*What is needed*
Your task is to copy each line in the listing that includes the word "with".

*Data extracts*
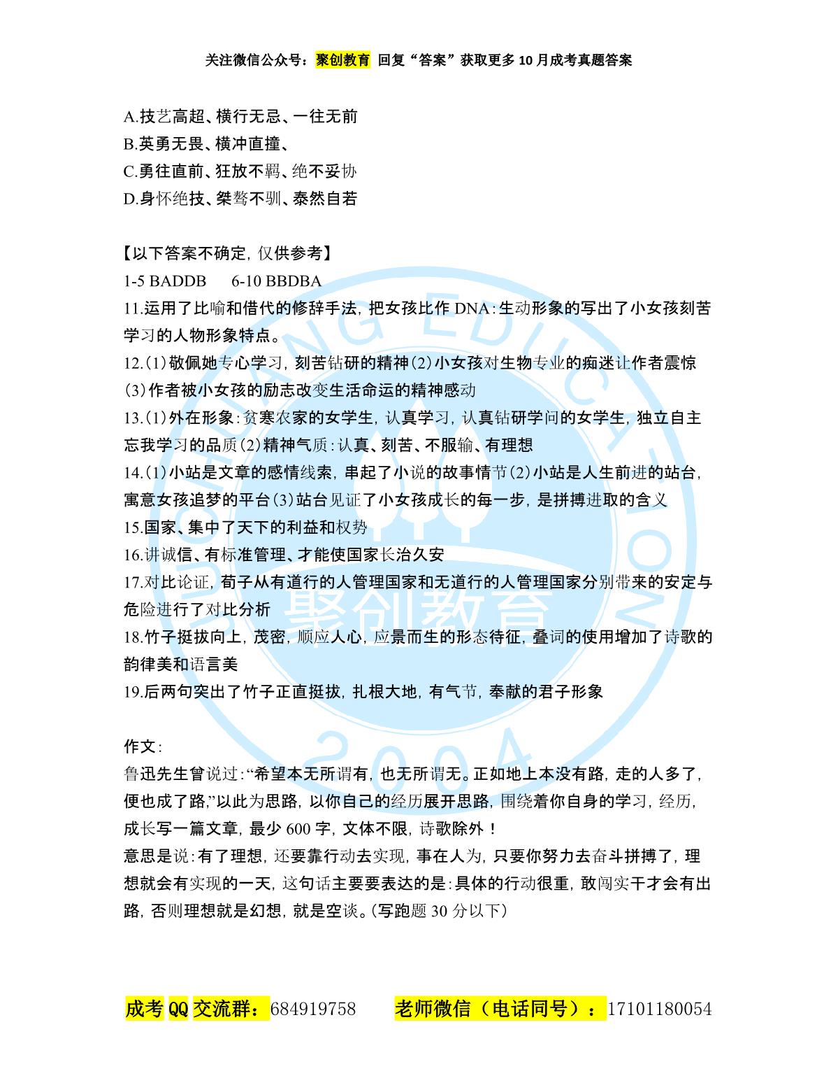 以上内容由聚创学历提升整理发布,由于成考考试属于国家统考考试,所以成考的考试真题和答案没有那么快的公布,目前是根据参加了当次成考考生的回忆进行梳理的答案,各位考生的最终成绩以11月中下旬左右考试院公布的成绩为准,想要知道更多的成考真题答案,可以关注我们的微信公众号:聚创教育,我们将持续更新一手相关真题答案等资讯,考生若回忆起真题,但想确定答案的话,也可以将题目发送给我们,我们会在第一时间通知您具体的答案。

* * *

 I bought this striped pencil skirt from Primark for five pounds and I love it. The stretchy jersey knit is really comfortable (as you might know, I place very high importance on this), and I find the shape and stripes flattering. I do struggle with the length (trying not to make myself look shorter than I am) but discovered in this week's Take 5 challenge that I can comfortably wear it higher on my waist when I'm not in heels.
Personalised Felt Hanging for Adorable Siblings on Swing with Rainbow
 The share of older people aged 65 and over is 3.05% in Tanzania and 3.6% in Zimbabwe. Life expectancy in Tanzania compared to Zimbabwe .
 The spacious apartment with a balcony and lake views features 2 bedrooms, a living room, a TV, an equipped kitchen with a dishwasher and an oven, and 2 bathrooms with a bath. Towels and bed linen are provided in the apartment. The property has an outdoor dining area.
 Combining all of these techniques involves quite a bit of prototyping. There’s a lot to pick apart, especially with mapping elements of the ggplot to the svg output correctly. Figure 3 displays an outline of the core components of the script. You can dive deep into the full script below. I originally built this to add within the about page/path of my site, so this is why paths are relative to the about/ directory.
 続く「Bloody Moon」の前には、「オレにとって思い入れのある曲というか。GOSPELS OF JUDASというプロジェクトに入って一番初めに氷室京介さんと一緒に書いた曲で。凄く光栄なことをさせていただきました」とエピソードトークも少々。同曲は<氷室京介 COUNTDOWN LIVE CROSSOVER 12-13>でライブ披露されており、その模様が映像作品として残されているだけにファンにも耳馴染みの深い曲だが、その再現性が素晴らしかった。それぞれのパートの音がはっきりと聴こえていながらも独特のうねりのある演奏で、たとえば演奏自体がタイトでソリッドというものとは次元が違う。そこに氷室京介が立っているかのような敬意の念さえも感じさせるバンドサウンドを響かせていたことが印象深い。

*Answer to this task*
 I bought this striped pencil skirt from Primark for five pounds and I love it. The stretchy jersey knit is really comfortable (as you might know, I place very high importance on this), and I find the shape and stripes flattering. I do struggle with the length (trying not to make myself look shorter than I am) but discovered in this week's Take 5 challenge that I can comfortably wear it higher on my waist when I'm not in heels.
Personalised Felt Hanging for Adorable Siblings on Swing with Rainbow
 The spacious apartment with a balcony and lake views features 2 bedrooms, a living room, a TV, an equipped kitchen with a dishwasher and an oven, and 2 bathrooms with a bath. Towels and bed linen are provided in the apartment. The property has an outdoor dining area.
 Combining all of these techniques involves quite a bit of prototyping. There’s a lot to pick apart, especially with mapping elements of the ggplot to the svg output correctly. Figure 3 displays an outline of the core components of the script. You can dive deep into the full script below. I originally built this to add within the about page/path of my site, so this is why paths are relative to the about/ directory.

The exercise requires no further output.